**Exercise prompt**
In the entries below, find the line with "On the Schema" and the line with "Amplificatore integrato NAD"; copy them and every line between them exactly, but not the pictures.
----------
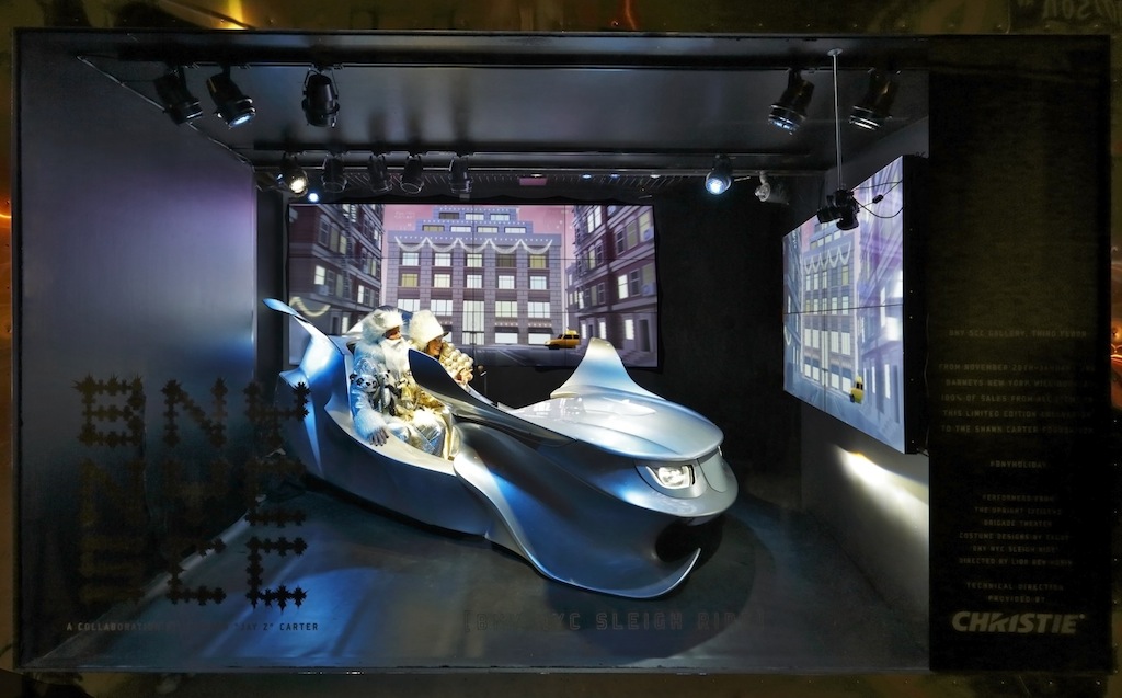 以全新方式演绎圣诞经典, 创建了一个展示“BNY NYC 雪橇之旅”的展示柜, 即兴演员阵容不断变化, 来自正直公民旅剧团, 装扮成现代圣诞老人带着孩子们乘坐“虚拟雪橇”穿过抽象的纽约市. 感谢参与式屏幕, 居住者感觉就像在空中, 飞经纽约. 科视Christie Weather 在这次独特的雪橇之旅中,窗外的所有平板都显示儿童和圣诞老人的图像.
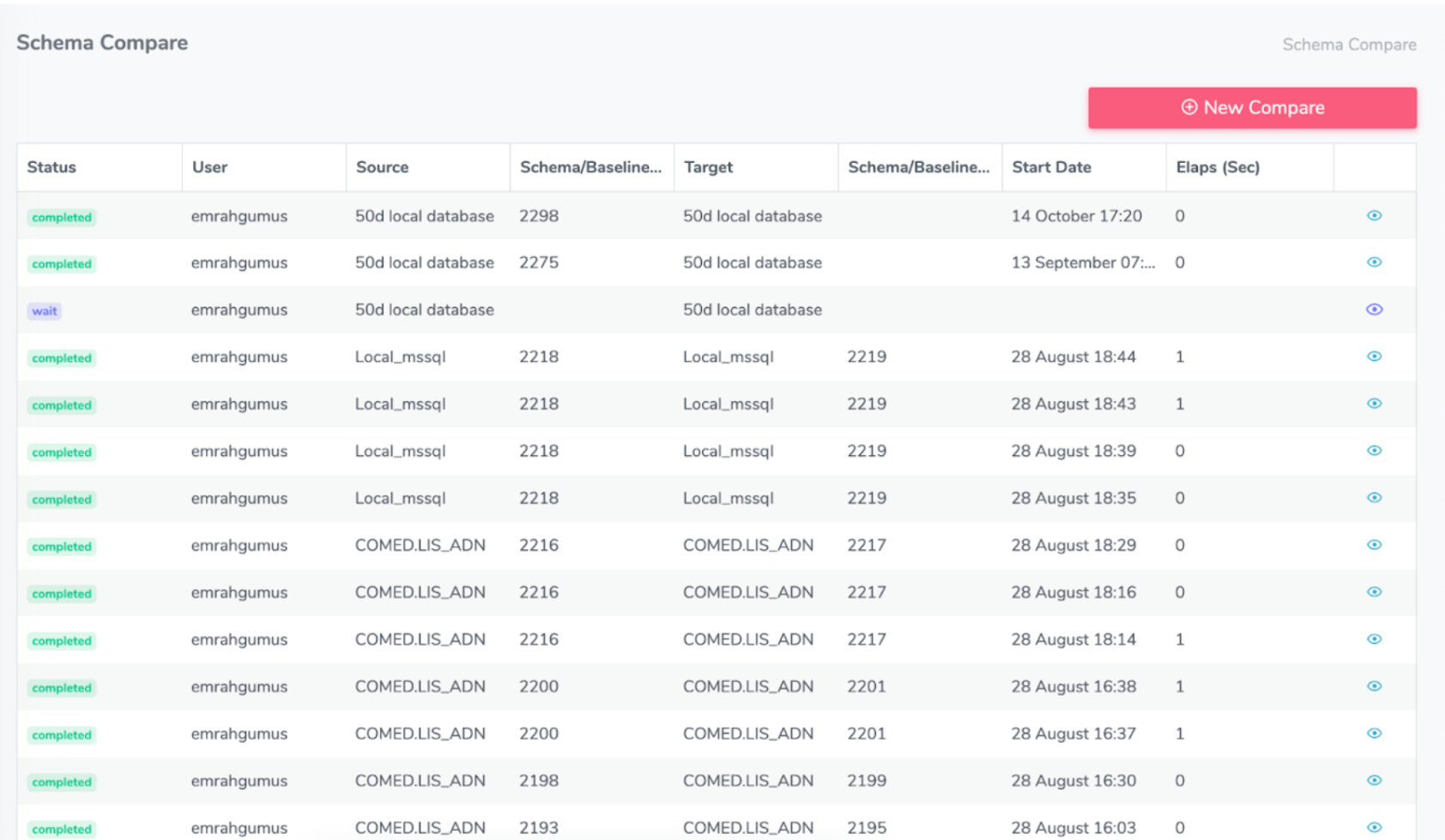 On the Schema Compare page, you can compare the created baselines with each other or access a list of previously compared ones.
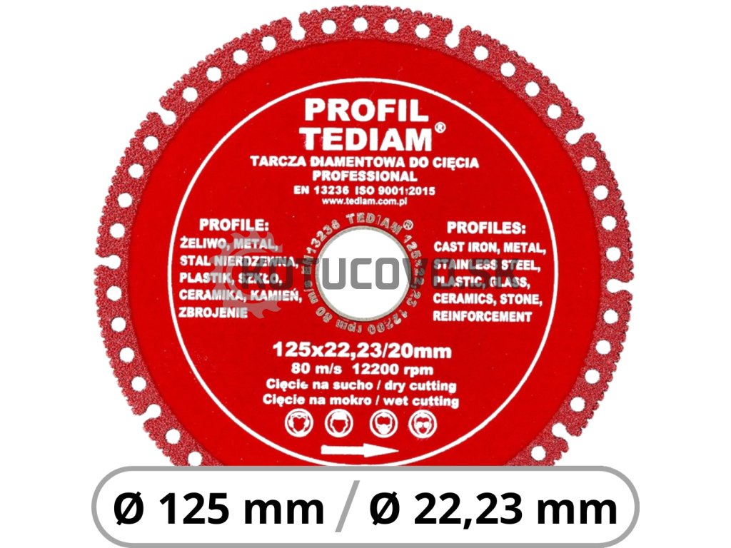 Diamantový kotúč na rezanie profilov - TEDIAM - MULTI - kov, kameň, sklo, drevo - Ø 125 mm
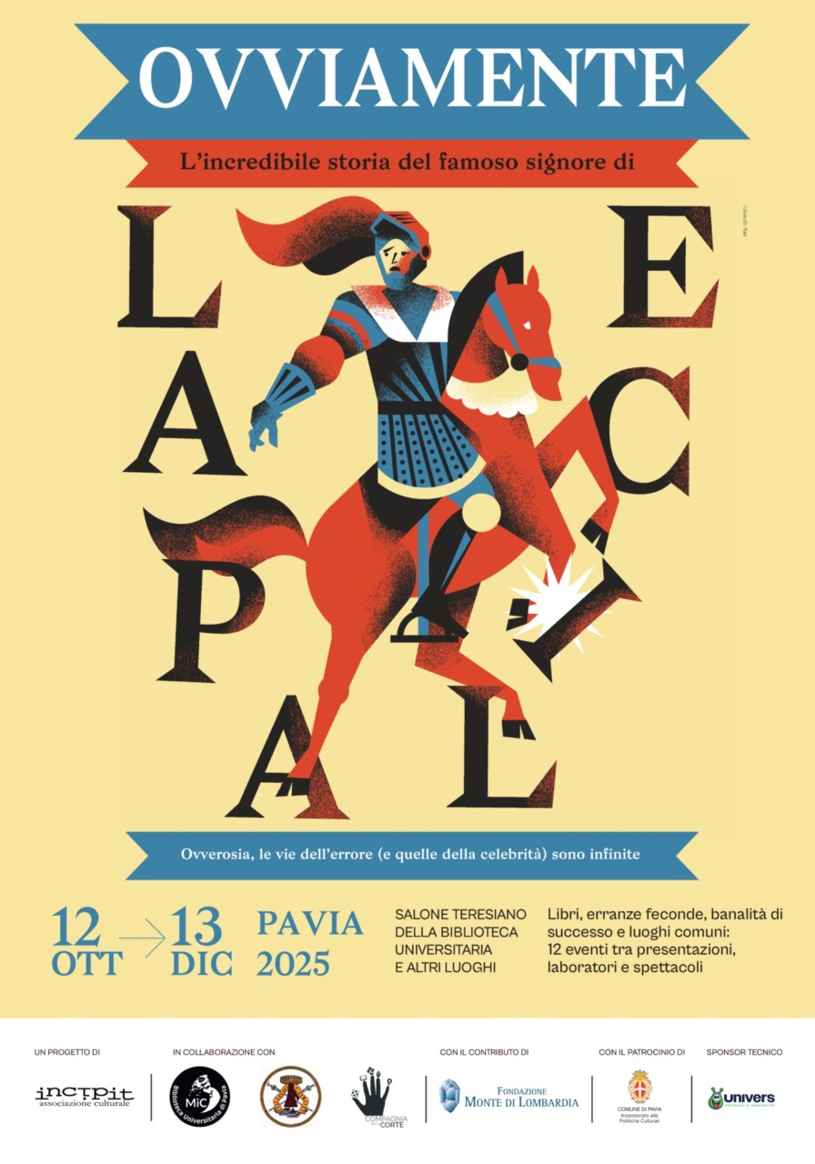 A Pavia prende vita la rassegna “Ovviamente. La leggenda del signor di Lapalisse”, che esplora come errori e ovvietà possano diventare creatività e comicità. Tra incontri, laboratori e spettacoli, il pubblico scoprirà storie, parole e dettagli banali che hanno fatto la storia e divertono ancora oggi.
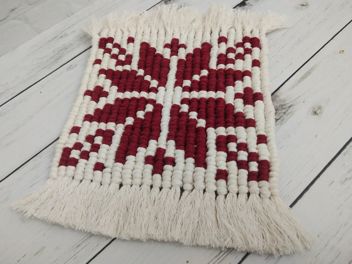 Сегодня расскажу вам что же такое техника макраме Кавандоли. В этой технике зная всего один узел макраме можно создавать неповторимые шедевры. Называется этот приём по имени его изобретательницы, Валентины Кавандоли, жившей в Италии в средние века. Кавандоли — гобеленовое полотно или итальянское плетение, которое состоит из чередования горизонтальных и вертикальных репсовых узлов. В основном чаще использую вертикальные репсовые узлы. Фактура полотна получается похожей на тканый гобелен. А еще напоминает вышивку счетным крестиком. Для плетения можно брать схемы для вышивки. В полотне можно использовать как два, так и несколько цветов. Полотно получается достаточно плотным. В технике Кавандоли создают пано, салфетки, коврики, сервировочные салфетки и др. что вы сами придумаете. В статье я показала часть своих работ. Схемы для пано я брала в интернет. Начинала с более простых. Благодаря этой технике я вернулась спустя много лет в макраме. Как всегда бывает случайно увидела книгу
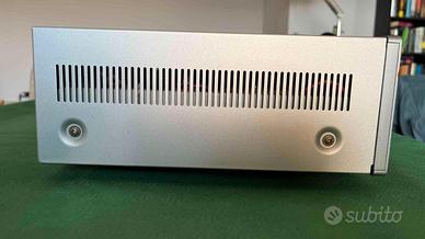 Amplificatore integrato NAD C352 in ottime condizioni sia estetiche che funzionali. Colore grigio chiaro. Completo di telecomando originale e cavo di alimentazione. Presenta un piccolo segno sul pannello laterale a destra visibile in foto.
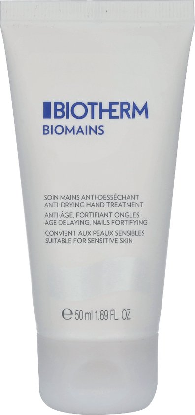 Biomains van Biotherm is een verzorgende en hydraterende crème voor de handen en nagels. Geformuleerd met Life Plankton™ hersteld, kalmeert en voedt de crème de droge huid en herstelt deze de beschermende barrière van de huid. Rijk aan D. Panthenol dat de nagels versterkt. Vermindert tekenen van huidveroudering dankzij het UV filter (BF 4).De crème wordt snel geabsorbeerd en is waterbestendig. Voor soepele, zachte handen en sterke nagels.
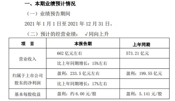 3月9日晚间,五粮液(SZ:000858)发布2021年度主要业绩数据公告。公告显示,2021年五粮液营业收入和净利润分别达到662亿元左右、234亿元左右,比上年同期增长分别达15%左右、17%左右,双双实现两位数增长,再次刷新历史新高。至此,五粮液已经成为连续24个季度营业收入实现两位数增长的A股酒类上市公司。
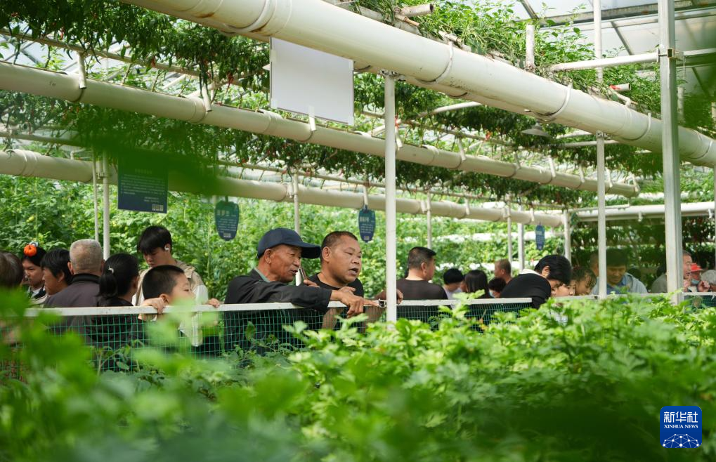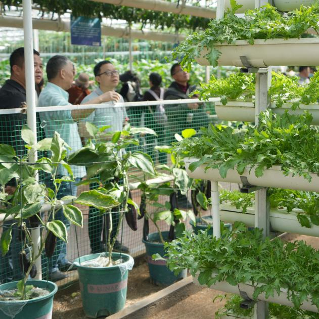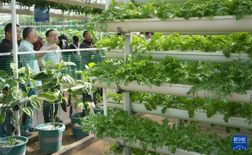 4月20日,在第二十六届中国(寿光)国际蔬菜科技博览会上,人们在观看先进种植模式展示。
----------
**Task result**
 On the Schema Compare page, you can compare the created baselines with each other or access a list of previously compared ones.
 Diamantový kotúč na rezanie profilov - TEDIAM - MULTI - kov, kameň, sklo, drevo - Ø 125 mm
 A Pavia prende vita la rassegna “Ovviamente. La leggenda del signor di Lapalisse”, che esplora come errori e ovvietà possano diventare creatività e comicità. Tra incontri, laboratori e spettacoli, il pubblico scoprirà storie, parole e dettagli banali che hanno fatto la storia e divertono ancora oggi.
 Сегодня расскажу вам что же такое техника макраме Кавандоли. В этой технике зная всего один узел макраме можно создавать неповторимые шедевры. Называется этот приём по имени его изобретательницы, Валентины Кавандоли, жившей в Италии в средние века. Кавандоли — гобеленовое полотно или итальянское плетение, которое состоит из чередования горизонтальных и вертикальных репсовых узлов. В основном чаще использую вертикальные репсовые узлы. Фактура полотна получается похожей на тканый гобелен. А еще напоминает вышивку счетным крестиком. Для плетения можно брать схемы для вышивки. В полотне можно использовать как два, так и несколько цветов. Полотно получается достаточно плотным. В технике Кавандоли создают пано, салфетки, коврики, сервировочные салфетки и др. что вы сами придумаете. В статье я показала часть своих работ. Схемы для пано я брала в интернет. Начинала с более простых. Благодаря этой технике я вернулась спустя много лет в макраме. Как всегда бывает случайно увидела книгу
 Amplificatore integrato NAD C352 in ottime condizioni sia estetiche che funzionali. Colore grigio chiaro. Completo di telecomando originale e cavo di alimentazione. Presenta un piccolo segno sul pannello laterale a destra visibile in foto.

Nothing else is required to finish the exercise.